**What to work on**
Each entry is to be retyped exactly as it appears. Leave the images out.

(Data items)
------------------------------

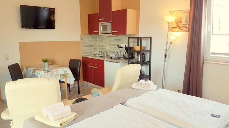 Das 1-Raum-Appartement „Amrum“ für bis zu 2 Personen, befindet sich im 1. Obergeschoss des Hauses „Gästehaus Felix“ im Bäckergang. Die Wohnung liegt zentral und hat einen Balkon.
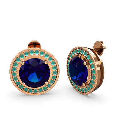 Kök zümrüt ve lab safir 18 ayar rose altın küpe
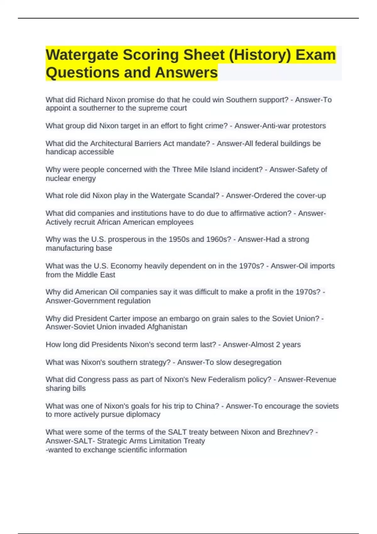 Watergate Scoring Sheet (History) Exam Questions and Answers
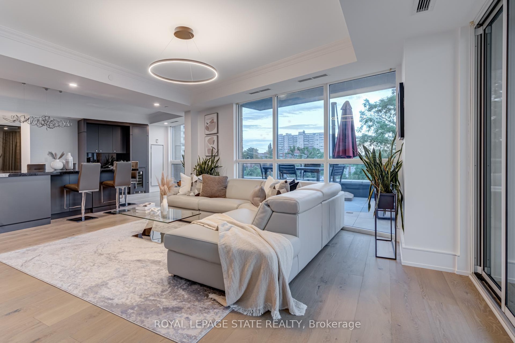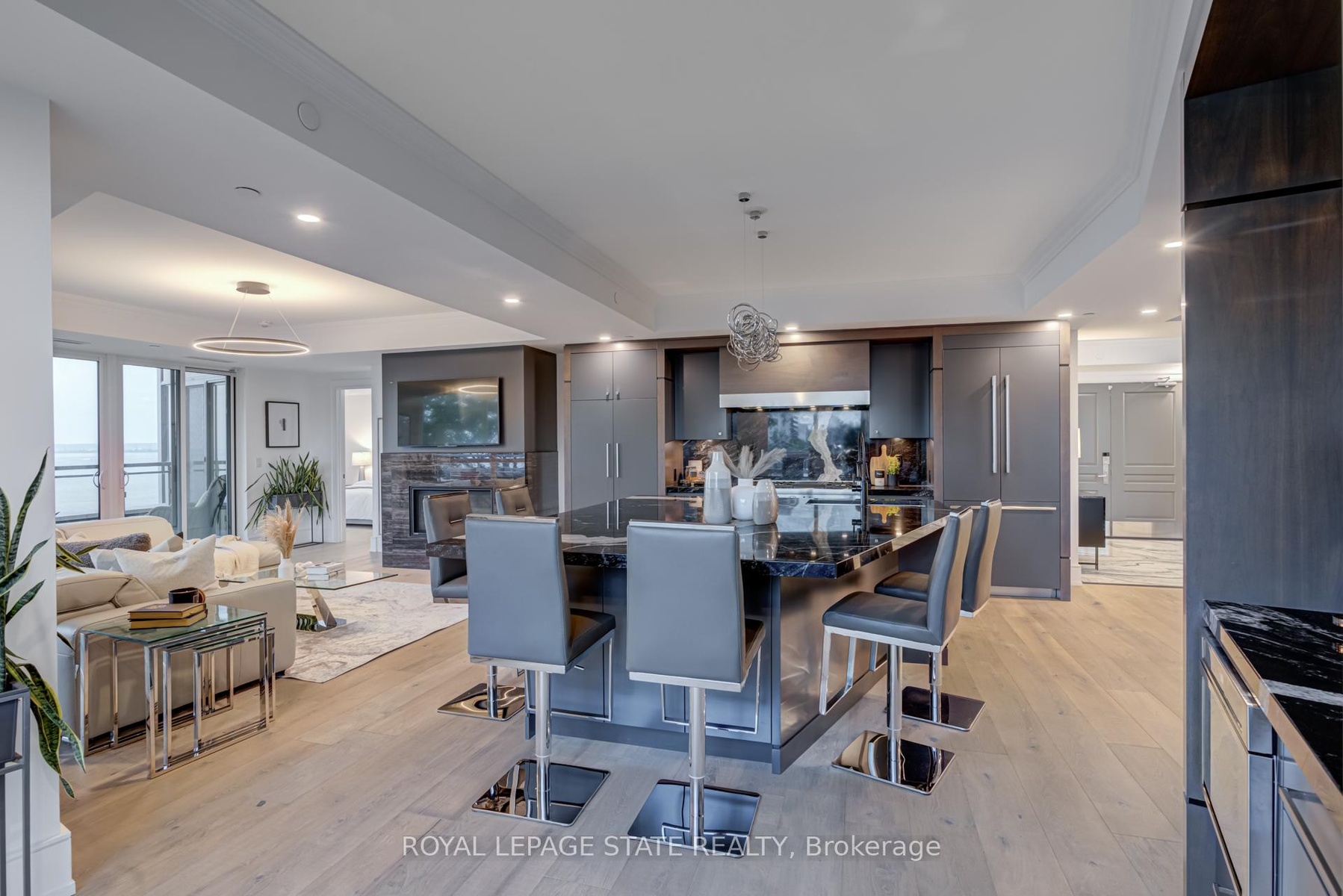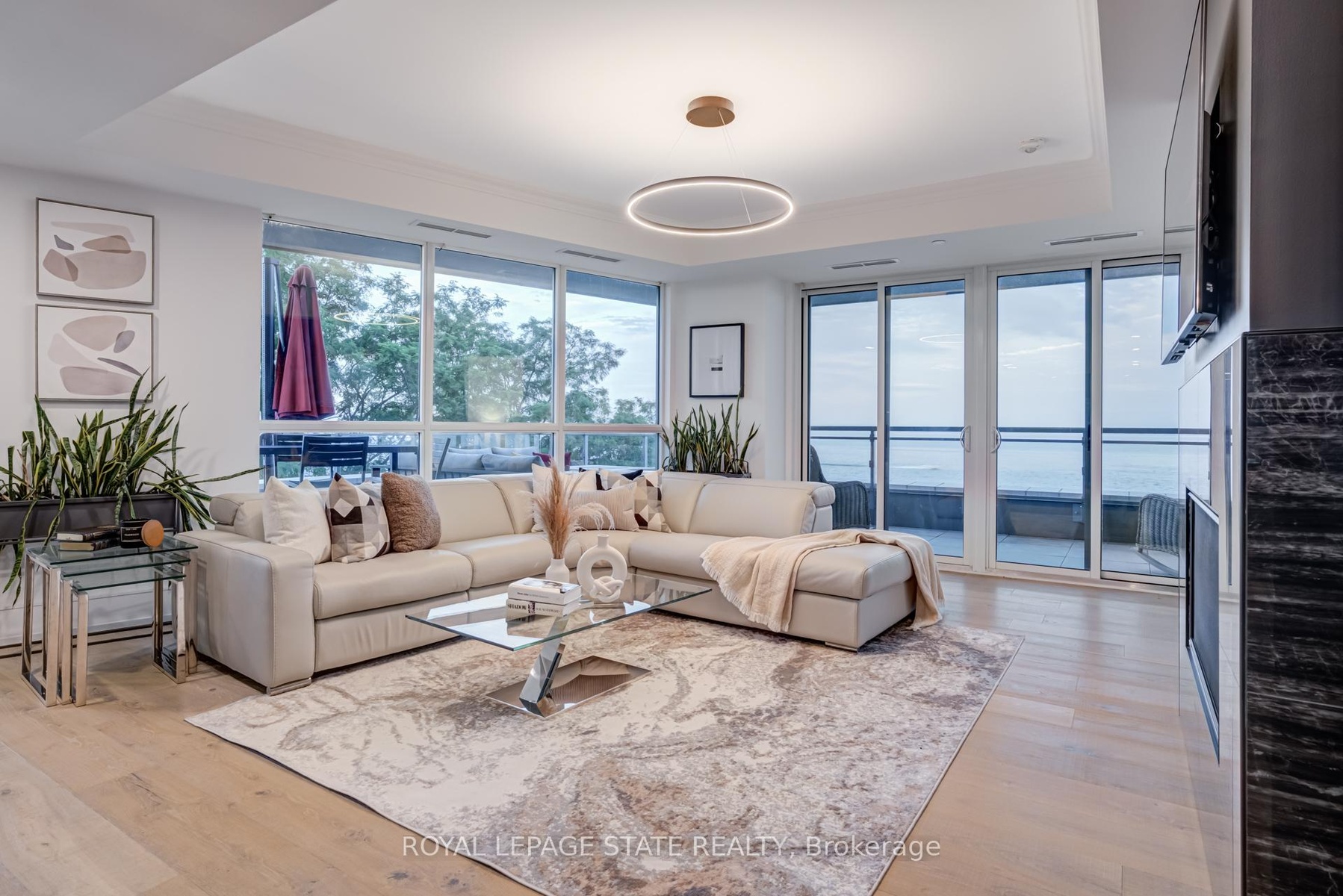 Luxury Waterfront Living in the Heart of Downtown Burlington at the prestigious Bridgewater Residences - where timeless elegance meets lakeside tranquility. Spanning 2,200 square feet of refined living space, plus an expansive 725+ square foot private wrap-around terrace, this southeast-facing corner suite offers breathtaking, unobstructed views of Lake Ontario. Designed with meticulous attention to detail, this 2- bedroom plus den, 3-bathroom residence is rich with luxury upgrades and sophisticated design elements. Soaring floor-to-ceiling windows flood the space with natural light, while the open-concept layout features a gas fireplace and a spectacular gourmet kitchen equipped with premium Thermador appliances, a generous granite island, and custom cabinetry - ideal for both everyday living and entertaining. The hotel-inspired primary suite is a true retreat, complete with terrace access, panoramic lake views, a spacious walk-in closet, and a spa-like ensuite featuring an oversized glass shower and elegant finishes. A second bedroom with ensuite and a separate den/home office (easily adaptable as a third bedroom) ensure flexibility and privacy for guests or family. A dedicated laundry room and a stylish powder room round out the suite's thoughtful layout. Step outside to your private terrace and take in the serenity of waterfront living - the perfect backdrop for morning coffee, summer dining, or evening relaxation. As a Bridgewater resident, enjoy access to resort-style amenities, including a rooftop terrace, party lounge, fitness centre, piano room, and VIP privileges at The Pearle Hotel & Spa, featuring a second gym and a luxurious indoor pool. This rare offering also includes two premium accessible parking spaces next to the elevator, as well as a private storage locker. Experience the best of Downtown Burlington - just steps to the Waterfront Trail, Spencer Smith Park, the Pier, and a vibrant mix of boutique shopping, fine dining, and cultural attractions.
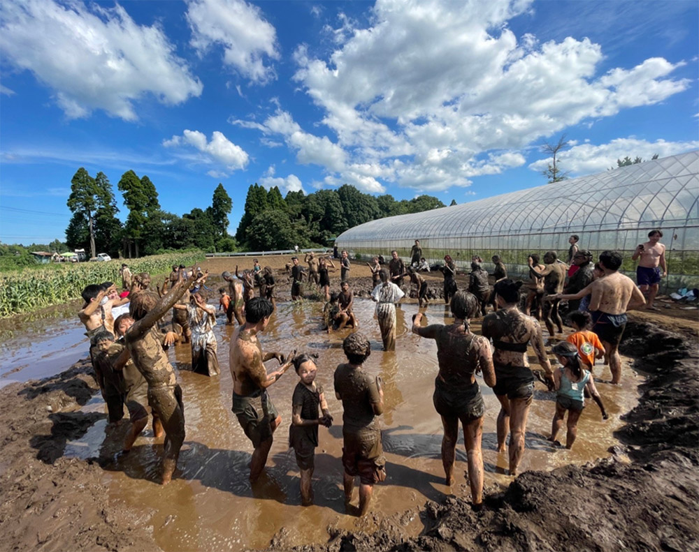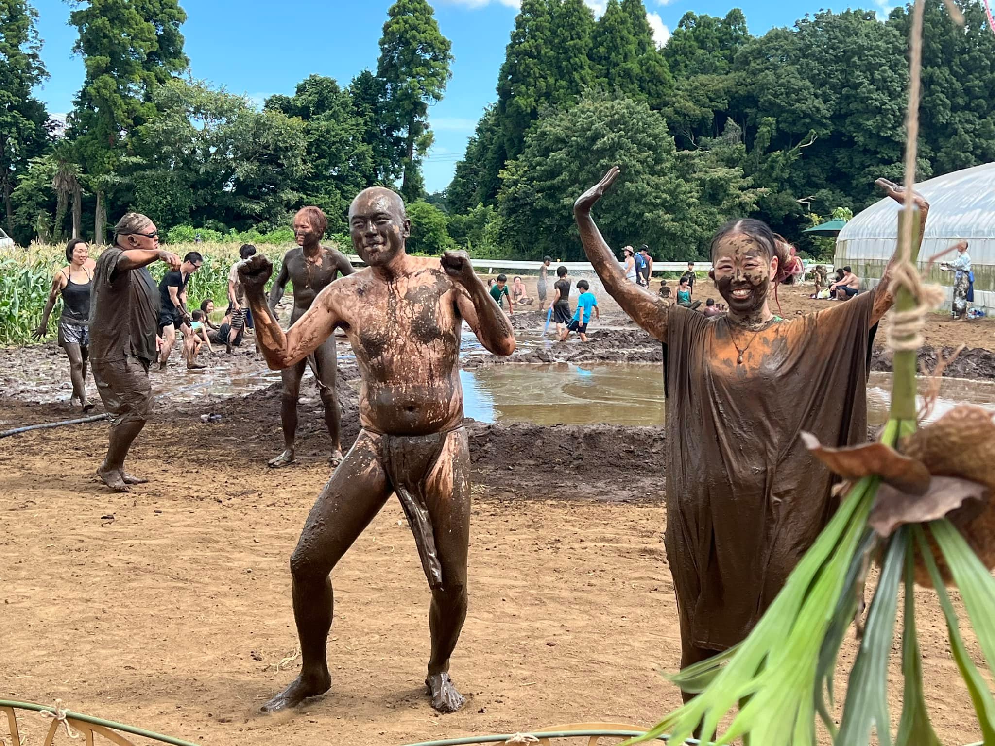 Mud Land Festとは、”食べれる土?”で有機農業を営むサイトウカンイチさんの畑に泥のプールを作って、音楽フェスをしちゃおうという大変思い切った企画です。

------------------------------

**Output for this exercise**
 Das 1-Raum-Appartement „Amrum“ für bis zu 2 Personen, befindet sich im 1. Obergeschoss des Hauses „Gästehaus Felix“ im Bäckergang. Die Wohnung liegt zentral und hat einen Balkon.
 Kök zümrüt ve lab safir 18 ayar rose altın küpe
 Watergate Scoring Sheet (History) Exam Questions and Answers
 Luxury Waterfront Living in the Heart of Downtown Burlington at the prestigious Bridgewater Residences - where timeless elegance meets lakeside tranquility. Spanning 2,200 square feet of refined living space, plus an expansive 725+ square foot private wrap-around terrace, this southeast-facing corner suite offers breathtaking, unobstructed views of Lake Ontario. Designed with meticulous attention to detail, this 2- bedroom plus den, 3-bathroom residence is rich with luxury upgrades and sophisticated design elements. Soaring floor-to-ceiling windows flood the space with natural light, while the open-concept layout features a gas fireplace and a spectacular gourmet kitchen equipped with premium Thermador appliances, a generous granite island, and custom cabinetry - ideal for both everyday living and entertaining. The hotel-inspired primary suite is a true retreat, complete with terrace access, panoramic lake views, a spacious walk-in closet, and a spa-like ensuite featuring an oversized glass shower and elegant finishes. A second bedroom with ensuite and a separate den/home office (easily adaptable as a third bedroom) ensure flexibility and privacy for guests or family. A dedicated laundry room and a stylish powder room round out the suite's thoughtful layout. Step outside to your private terrace and take in the serenity of waterfront living - the perfect backdrop for morning coffee, summer dining, or evening relaxation. As a Bridgewater resident, enjoy access to resort-style amenities, including a rooftop terrace, party lounge, fitness centre, piano room, and VIP privileges at The Pearle Hotel & Spa, featuring a second gym and a luxurious indoor pool. This rare offering also includes two premium accessible parking spaces next to the elevator, as well as a private storage locker. Experience the best of Downtown Burlington - just steps to the Waterfront Trail, Spencer Smith Park, the Pier, and a vibrant mix of boutique shopping, fine dining, and cultural attractions.
 Mud Land Festとは、”食べれる土?”で有機農業を営むサイトウカンイチさんの畑に泥のプールを作って、音楽フェスをしちゃおうという大変思い切った企画です。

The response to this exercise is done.